Para assegurar a aprovação dessa PEC, o presidente da Câmara, Arthur Lira (PP-AL), também vinculado a Bolsonaro, atrasou o início da sessão de plenário, para esperar o término da votação na CCJ. Pelo regimento da Casa, quando a sessão de plenário começa, as sessões das comissões técnicas são suspensas. Uma das razões que levaram a CCJ a encerrar mais tarde seus trabalhos foi a aprovação, juntamente com a proposta de redução da idade máxima de aposentadoria da magistratura, de uma outra PEC, que amplia de 65 para 70 anos a idade máxima para a indicação de ministros das instâncias superiores da Justiça.
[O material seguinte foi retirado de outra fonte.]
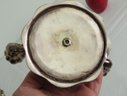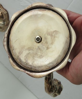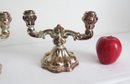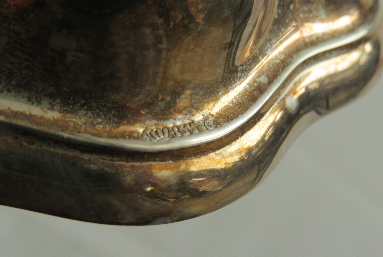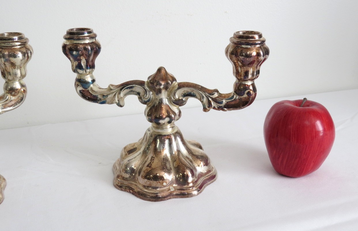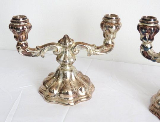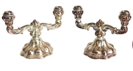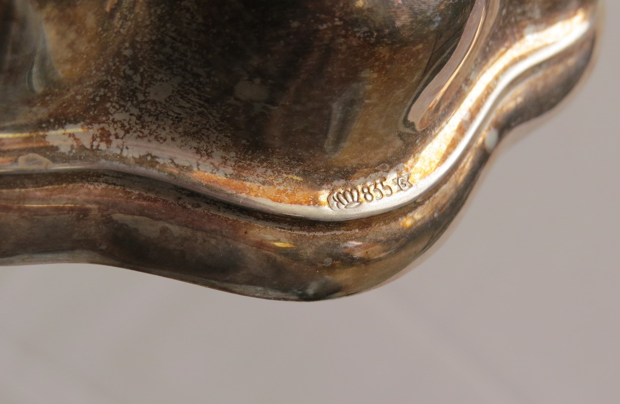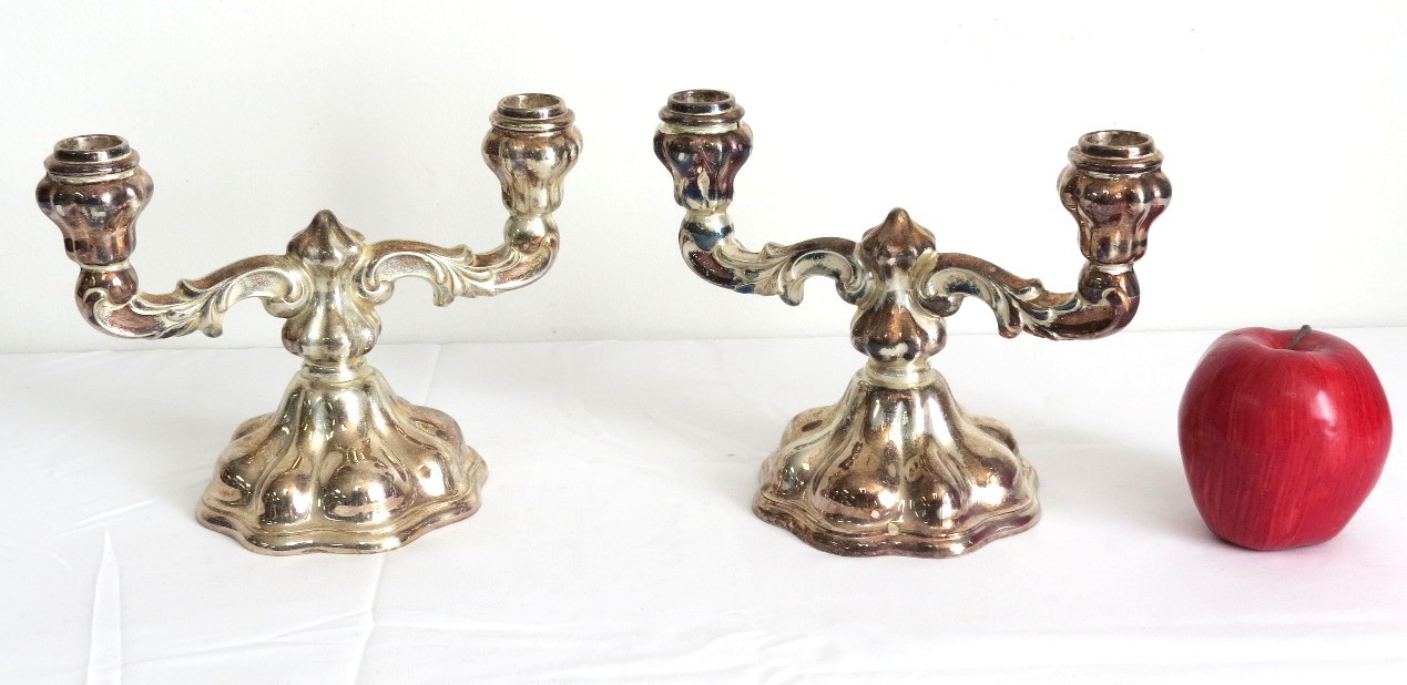 A pair of mid-century 835 silver marked candlesticks, likely Germany/Bavaria. Each is 8.5" wide, 6.5" height. Bases appear to be weighted plates with .835 silver bodies. Some tarnishing.

Embora pareça contraditória com a primeira PEC, na prática a segunda PEC permite a entrada no STF, no Superior Tribunal de Justiça (STJ), no Tribunal Superior do Trabalho e nos Tribunais Regionais Federais de magistrados que não poderiam ser promovidos pelas regras em vigor. E, em alguns desses tribunais, especialmente no STJ, tanto o governo quanto os próprios filhos do presidente Bolsonaro atualmente são partes de ações em tramitação – uma delas trata do caso das “rachadinhas” e envolve o primogênito do presidente, o senador Flávio Bolsonaro.
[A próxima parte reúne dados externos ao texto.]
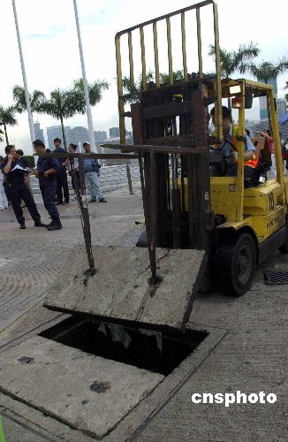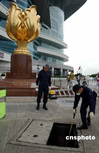 国家主席胡锦涛将于29日抵港,出席香港回归十周年的庆祝活动。27日,香港警方在金紫荆广场及会展中心一带进行保安检查。中新社发 谭达明 摄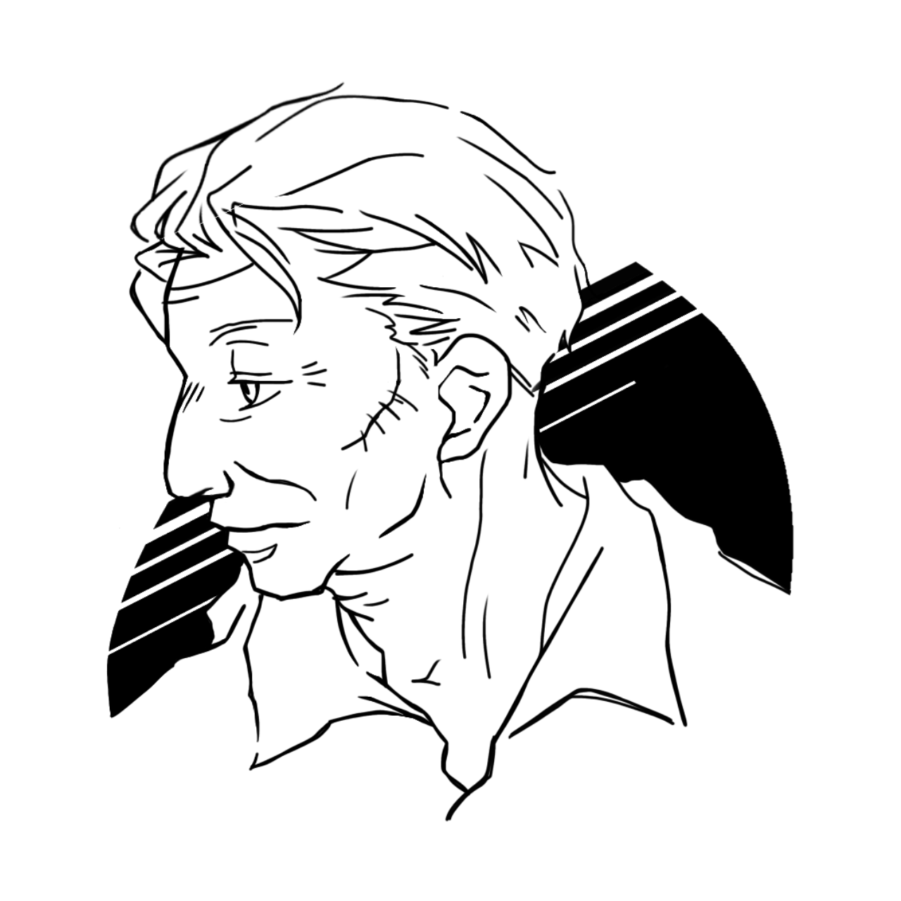 老いは誰にでも訪れるもの。歩いてきた人生を振り返り、思い浮かぶのはどんな風景か...。そんな老紳士を描いてみました。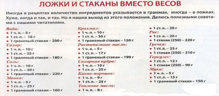 Приготовление блюд – это искусство, которое требует точности в пропорциях компонентов. Исходя из опыта, измерение объема продуктов можно проводить при помощи чайных, десертных, столовых ложек или стаканов. И тогда можно спокойно приготовить по новому рецепту пирог, пиццу или торт.

Ao justificar a defesa da redução de idade da aposentadoria compulsória dos ministros dos tribunais superiores, os deputados bolsonaristas alegaram que a rotatividade na cúpula do Judiciário ficou muito baixa após a entrada em vigor da chamada PEC da Bengala. Trata-se de uma formidável mudança de posição, considerandose que a PEC da Bengala, aprovada em 2015, foi aprovada com o voto do então deputado Jair Bolsonaro, na época muito interessado em impedir que a então presidente Dilma Rousseff nomeasse cinco ministros em seu segundo mandato, o que lhe permitiria ter maioria confortável no STF.
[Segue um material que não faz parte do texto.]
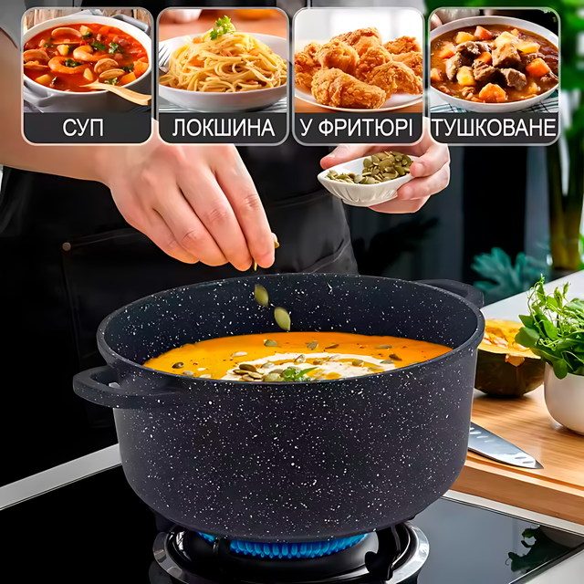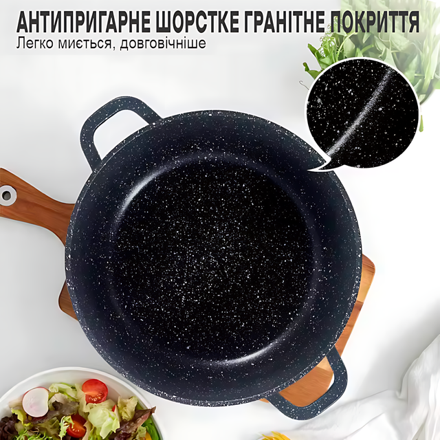 - Прочность и долговечность: Посуда изготовлена из высококачественного алюминия с мраморным покрытием, которое устойчиво к механическим повреждениям и высоким температурам;
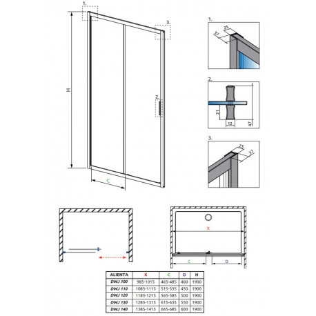 Radaway > Душові кабіни > Drzwi do wnęki > Alienta > Двері душові 110cm, Radaway Alienta Black DWJ, скло прозорі, profil чорний
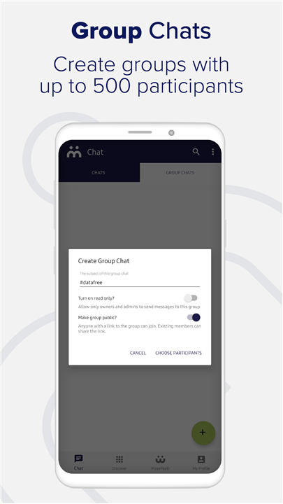 A: Datafree means you can use selected features of the app without using your mobile data or airtime, as long as you are connected to one of the supported South African networks. Other features, such as video calls or sending media files, will require data, but you’ll always be warned before this happens.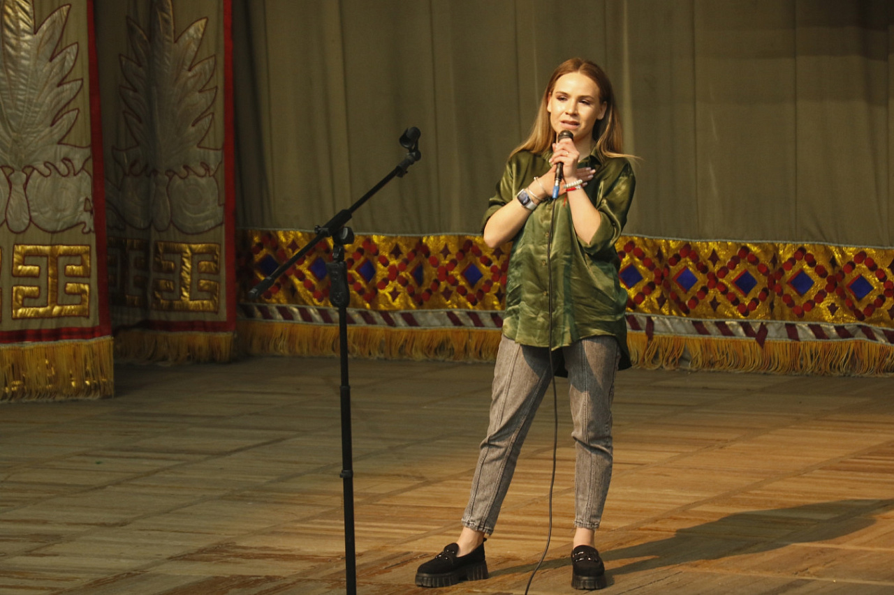 Тон концертной программы задали наши симпатичные ведущие – Арина Пудовкина и Абдыкеримов Али Акпер Хасан уже имеющие неоднократный опыт сценических выступлений. И в момент фестивального старта они решили не ограничиваться прозой, а сразу обратились к аудитории поэтическим «шпилем», представив залу высокое жюри в составе заслуженного работника культуры Владимира Тулина, хореографа Евгения Прокопенко и артиста театра русской драмы им. Ч. Айтматова Станислава Касьянова, а затем пригласив на сцену двух первокурсниц-комузисток Жедигерову Жанылай и Жанышбек кызы Беназир, придавших аудитории бодрого настроения своим исполнением знаменитой мелодии «Маш Ботой».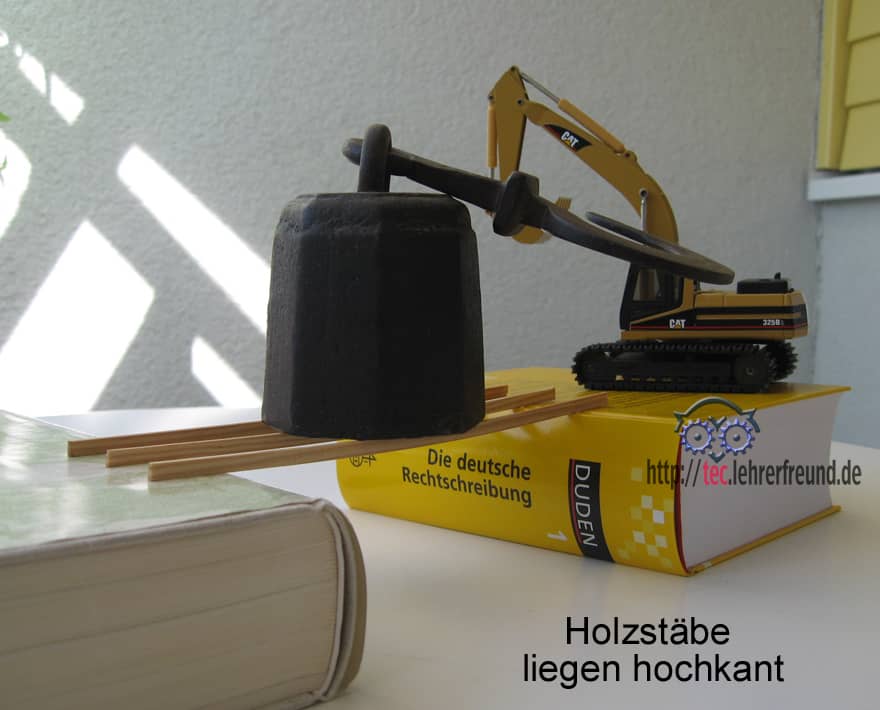 Wer sich damit auskennt, weiß, dass der hochkant gelegte Stab nicht nur die zweieinhalbfache Biegefestigkeit hat, sondern mindestens 15 Mal mehr Stabilität besitzt als der flach gelegte Stab (= 2,5 hoch drei).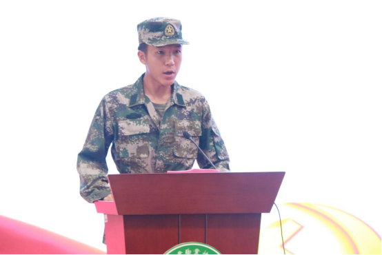 ▲教官代表范鸿彬汇报了军训团集训备训情况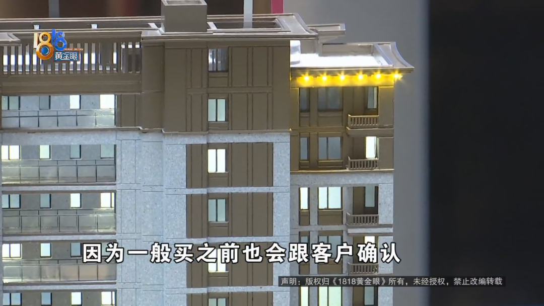 方女士:买给我儿子,我儿子在读大学了嘛,打算让他做婚房的。2月12日吧,晚上来看的,那时候那边绿色的网还遮着,因为我看不出上面啥情况,只是沙盘大致看了一下,就是方方正正的,没有像现在这样弧度这么大的。现在我一看,它网拿掉了,这抬起头来怎么感觉不一样了,好像我们北面的一个房间,两个卫生间,一个厨房,全部光线被挡住了。

Assim, do mesmo modo que a PEC da Bengala não passou de uma manobra da oposição para impedir o controle do STF pelo governo Dilma, as duas PECS aprovadas pela CCJ também não passam de um duplo casuísmo para que Bolsonaro possa ter maior influência nos tribunais superiores. No caso do STF, caso consiga se reeleger, o presidente poderá indicar mais três ministros no segundo mandato. Como já indicou dois nomes, um dos quais espera a aprovação do Senado, e ainda poderá indicar mais dois até o final de 2022, caso a PEC seja aprovada, ele terá nomeado 7 dos 11 membros do STF. O próprio presidente já falou sobre isso a seus apoiadores, no cercadinho do Alvorada.

Países como Itália, França e Espanha estabelecem mandatos para suas cortes supremas. Nos Estados Unidos, não há limite de idade. A Alemanha combina os dois critérios – o mandato é de 11 anos, mas com idade limite de 68 anos. Já no Brasil, as idades de entrada e de permanência de ministros dos tribunais superiores jamais foram discutidas com base em critérios institucionais. Pelo contrário, sempre foram decididas por meio de manobras legislativas, que atendem a interesses pouco republicanos.